El tema de los accidentes de tránsito, con su larga y dolorosa secuela de muertes y lesiones, forma parte de la agenda esencial del país. Por ello, ha sido motivo de numerosos reportajes y comentarios editoriales de La Nación. El esfuerzo informativo de la prensa nacional y la labor de las autoridades de Tránsito no han alcanzado aún el objetivo de una reducción sostenida de esta calamidad pública. Conviene, por ello, reparar en una de las causas principales de esta patología social, enunciadas en nuestra edición del lunes pasado, al referirnos a las multas.

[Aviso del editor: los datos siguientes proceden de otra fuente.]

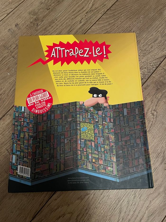 Où est donc passé l'audacieux voleur qui s'est emparé des diamants de Daisy Diossy dans la chambre de son palace ? Retrouve sa trace et découvre les bâtiments dans lesquels il s'est caché pour brouiller les pistes pendant sa cavale. Grâce aux récits des différents témoins qui l'ont vu s'enfuir, récolte les indices et, de cachette en cachette, suis sa course folle à travers les rues. Munis-toi du plan géant de la ville qui se trouve à la fin du livre et lance-toi à sa poursuite pour l'attraper ! A toi de jouer !

En esta información, el exdirector de la Policía de Tránsito, Ignacio Sánchez, sintetizó el problema en los siguientes términos: los conductores solo reaccionan sometidos al temor de una sanción sustancial que, en verdad, los impulse a respetar las normas de tránsito, lo que implica una legislación más fuerte. Esta presión es mucho más eficaz que las campañas de prevención, loables, pero insuficientes o inútiles, sin el apremio del castigo que, además, debe cumplirse sin contemplaciones. En segundo lugar, Costa Rica tiene los montos de multas más bajos de América Latina, un recuadro de permisivismo y hasta de alcahuetería que se extiende también a otros campos y que, además de deformar el sentido de responsabilidad de la gente, contribuye a deteriorar las instituciones públicas en sus funciones básicas de servicio a la comunidad. Se le exige al Estado la máxima eficiencia, pero la renuencia a pagar puntualmente o lo justo está a la orden del día.

En nuestra edición del lunes anterior, se mostró el grado de desactualización de las multas en materia de tránsito. Estas se fijaron en 1993 y no se han modificado en estos años. Todo lo demás, sin embargo, ha aumentado de precio. Por ello, infracciones tan graves como la falta de licencia y el manejar en forma temeraria o en estado de ebriedad se sancionan con una multa de ¢20.000 que, si se hubieran actualizado, al ritmo de la inflación, ascenderían a ¢92.000, una multa, además, que, en otros países, se calificaría como complaciente. Para endurecer las multas se enviaron sendos proyectos de ley en el 2000 y en el 2003, pero seguramente los diputados desconocen la realidad nacional y no han tomado conciencia de la gravedad de este problema social, o bien, creen que se exponen a perder la popularidad. Confiamos en que sus sucesores procedan con más responsabilidad y sentido de la vida y del interés público.

Es un hecho comprobado en todos los países que la dureza de las sanciones y su observancia fiel representa el medio más eficaz para reducir el número de accidentes, esto es, de luchar por la vida y la integridad física. En nuestro país, ocurre lo contrario. Todo conspira contra todo esfuerzo de orden y razonable sanción. El caso de la revisión técnica es típico. Este deber esencial, personal y social, se ha convertido en instrumento demagógico en manos de no pocos que, en el pasado, hicieron de la revisión un acto de corrupción y de inseguridad vial. El colmo de la liviandad es la actitud de dos candidatos presidenciales en esta campaña. Para estos el enemigo público es la revisión técnica, no la irresponsabilidad de los conductores y la falta de sanciones que, en verdad, induzcan a estos a respetar las normas y a las personas. Esta mentalidad populista nos revela cuán difícil es acometer la solución de los problemas del país, como la inobservancia colectiva de las leyes de Tránsito, cuando se ha de proceder con autoridad y rigurosidad.